Кротов хотел попросить у Нуне прощения. Да и просто захотелось ее увидеть. Что с ней? Как она выглядит? А может быть?..
Приехав домой, Кротов принял душ, надел халат, лег на свой любимый кожаный диван и, как обычно, врубил висящий на стене телевизор; передавали (как по заказу!) бокс, лучшие бои Майка Тайсона. Кротов взбодрился. Потом позвонили с работы, он опять должен был решать какие-то несуразные и вечные, как человеческая глупость, проблемы; потом по скайпу вышел на связь институтский сумасшедший дружок Ривкин, который просил денег на очередной номер литературного журнала "Парнас".
В общем, жизнь завертелась, и Кротов на время о грядущей встрече выпускников забыл. Однако за день до назначенного мероприятия ему опять позвонил Петруня, и Кротов принял окончательное решение: приду. Он приехал (сознательно!) на встречу с опозданием.
Пусть чуваки дойдут до кондиции, подумал он, так мне будет психологически проще с ними общаться.
Ребята и впрямь уже были подшофе. Они поставили три столика (сделав из них один большой) в парке Кусково (рядом со школой) и выпивали. Многих изрядно развезло. Некоторых Кротов не узнал: толстенькие, седые или лысоватые дядьки, неузнаваемые девочки... Многие из ребят сами подошли к Серёге. Пожимая одноклассникам руки, Кротов называл каждого по школьному прозвищу: Серый, Шитя, Петруня, Валёк, Цыпа, Завал, Рафинад, Проскур...
Его все называли Кротом.
Выпив, Кротов быстро вошел в общую тональность разговоров: все рассказывали о детях, дачах, меньше всего − о работе. Шитя (Славка Шитиков) оказался уже дедом, Света Сторчикова − матерью троих детей и бабушкой, Наташка Смирнова поменяла четырех мужей, родила дочку и сына.
Беата Кучицкая не пришла.
Сенька Берг, у которого Крот украл значки, тоже не пришел.
Кротов разговорился с его приятелем Пашкой Сахаровым (Рафинадом).
− Ну как Семён? − спросил Крот.
− Что ты, Крот, он теперь не Семён, а Саймон Берг. Он сменил имя, крутейший бизнесмен, у него пять гигантских заводов на всех континентах, принял иудаизм, пейсатый, живет в основном в Израиле, Штатах и Цюрихе, а точнее − в самолете, гражданин США; в общем, забурел он, в первой сотне списка "Форбс". Состояние − двенадцать миллиардов долларов. А ты что, раньше не знал? Он самый крутой из нашей школы. Так сказать, отличник капиталистического труда.

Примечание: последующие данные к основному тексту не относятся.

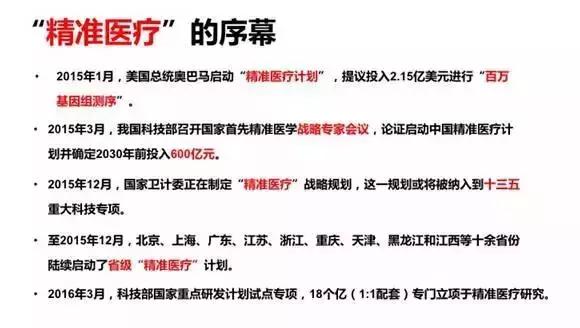 ![]() 精准医疗是不是一个新概念?其实,早在东汉时期,张仲景在《伤寒杂病论》就提出了辩证论治,这其实就是精准医疗理论的雏形,每个病例要有不同的客观地治疗方法。而再比如《素问·五常政大论》:"西北之气,散而寒之,东南之气,收而温之,所谓同病异治也。"提出的同病异治以及中医精髓之一:异病同治,无不在漫长的历史临床实践中,对提高临床疗效产生十分重要的指导意义。 为什么到2015年,精准医学才出现在我们视野之中? NIH(美国国立卫生研究院)认为,三个技术的飞速发展,推动了精准医疗的爆发。第一个就是基因测序技术,这个主要是以二代测序为代表的基因检测,它无论从速度、准确度还有成本,都呈现了指数级的下降。这里面也有基因捕获技术的推动作用,以及液体活检技术的发展,使精准医疗时机越来越成熟。第二就是生物信息技术,包括云计算,数据整合分析方法,对数据分析、数据解读的推进。第三个也是现在非常活跃的人工智能,让我们的分析能够更加智能,可以发现很多新的东西,学习到新的规律做基因的预测。 在之前的文章我们已经谈过云计算、数据分析、人工智能,点击文章AI+大数据,如何助力精准医疗?现在我们来简单聊聊基因测序技术。 最早是人类基因组计划,十几个国家,花了十几亿美元做了好多年。测序越来越成熟以后,全基因组测序越来越方便,在不同的物种里面都取得了大量的数据积累。以人类来说,正常人有30亿个碱基对,哪怕是其中一个碱基排序不同,都有可能会造成高矮胖瘦等各种表面特征的不同。而其中一些序列的缺失或者变异,也是造成很多疾病的根源之一。 如果从字面上理解,全基因组测序,就是检测出全部30亿个碱基对是怎么排列的,从第一个到第30亿个,一个都不落下。检测人类所有基因组信息,不针对任何单个疾病或者因素的基因,但又囊括了之前所有单个基因检测要用到的信息。全基因组测序可谓是基因组最为全面的研究方案。基因组信息已能用于鉴定遗传疾病,查找驱使癌症发展的突变,追踪疾病的爆发。 迅速下降的测序成本以及处理大样本数据能力的提升都使得如今的测序者可将全基因组测序视为基因组研究的最强有力工具。 再往前进一步缩小一下范围,我们对全部的基因编码区进行测序,也就是耳熟能详的的外显子测序。其实外显子测序也是基因捕获的一种,只是把所有基因编码区进行了富集。在人类基因中大约有180,000外显子,占人类基因组的1%。人类基因组的蛋白编码区大约包含85%的致病突变。外显子组测序主要用于识别和研究与疾病、种群进化相关的编码区及UTR区域内的结构变异。结合大量的公共数据库提供的外显子数据,有利于更好地解释所得变异结构之间的关联和致病机理。 最后再精准一点,就是目标区域捕获测序,它对特定应用场景中任何的基因,或者基因片段,甚至可以是非编码区域的,包括一些热点进行设计,然后开发出用来特定基因检测的panel。将感兴趣的基因组区域定制成特异性探针与基因组DNA进行杂交(固相或液相),将目标基因组区域的DNA片段进行富集后再利用第二代测序技术进行测序。这种新的方法与PCR方法相比,通量高,同时能节省大量的时间及成本。做一个比喻,《三国演义》中赵子龙千军之中救阿斗。而这个过程刚好十分相像。 ![]() 在精准医疗大部分的应用场景中,很多地方都有它的用武之地,可以是儿科遗传病精准医疗、肿瘤精准医疗、安全用药、精准用药等。 |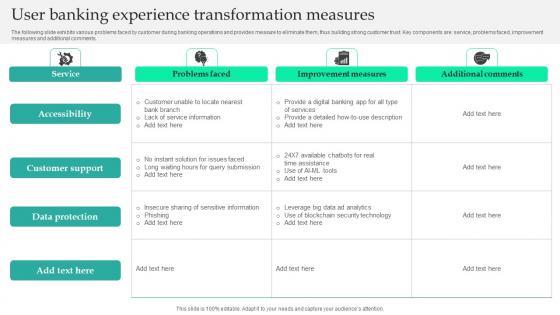 The following slide exhibits various problems faced by customer during banking operations and provides measure to eliminate them, thus building strong customer trust. Key components are service, problems faced, improvement measures and additional comments. Showcasing this set of slides titled User Banking Experience Transformation Measures Topics Pdf. The topics addressed in these templates are Accessibility, Customer Support, Data Protection. All the content presented in this PPT design is completely editable. Download it and make adjustments in color, background, font etc. as per your unique business setting. The following slide exhibits various problems faced by customer during banking operations and provides measure to eliminate them, thus building strong customer trust. Key components are service, problems faced, improvement measures and additional comments.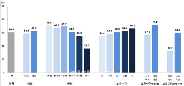 이번 논문은 2023년 국민건강영양조사에 참여한 성인 5906명의 자료를 분석한 결과로, 우리나라 성인의 60.4%가 적절 수준의 건강정보 이해능력을 갖춘 것으로 확인됐다. 평균에 못 미치는 연령은 60~69세(55.0%)와 70세 이상 어르신이었다. 이와 함께 여자(62.2%)가 남자(58.6%) 보다 건강정보 이해능력이 높았으며, 소득 수준과 교육 수준이 높을수록 높았다.
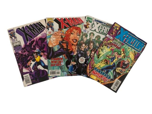 Two issues of X Man #36 and #41 from March and August 1998. Also included are two issues of X Factor #146 and #148 from June and August 1998. Good condition. From the collection of a former Marvel employee.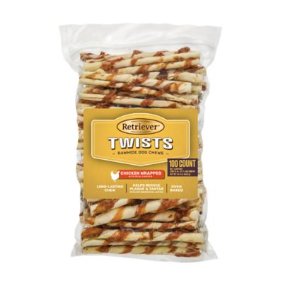 Retriever Chicken-Wrapped Rawhide Twists Dog Chew Treats, 100 ct.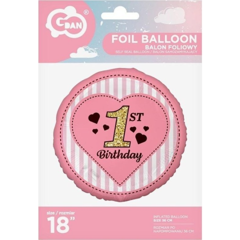 Godan Első Születésnap Pink Fólia Lufi - 36 cm (481240)

− Да-да, конечно, что-то слышал, − сказал ошеломленный Крот, − он и в школе всегда неплохо соображал. Замечательно.
Кротов понял, что зря взял с собой две тысячи долларов, долг Сеньке отдавать (передавать через Рафинада) было нелепо, лучше он их отдаст Ривкину на его безумный литературный журнал, где он зачем-то печатает разных графоманов со всего света. И где он их столько находит?
...Сашка Локшин сидел на другом конце длинного стола и увлеченно беседовал, выпивая, с Ромкой Цыплаковым (Цыпой).
Кротов слушал других, смотрел по сторонам. Кусковский парк изменился и не изменился; величественная усадьба графа Шереметева стояла как прежде, лес, слава Богу, не вырубили. А вот лодок, лодочной станции, спасательных красных пенопластовых кругов, как во времена их детства, уже не было; никто не купался, мороженщики не разносили мороженое; разумеется, не осталось переодевалок на берегу, где они раньше, пацанами, подглядывали за голыми девчонками; рыбаки не ловили рыбу, и ребята не прыгали, как сумасшедшие, с пирса в воду, как прыгали они, жители микрорайона, в те семидесятые годы прошлого (страшно сказать) тысячелетия.
Спустя какое-то время Сашка Локшин подсел к Сергею.
− Ну что, Кротов, ты до сих пор на меня злобу копишь?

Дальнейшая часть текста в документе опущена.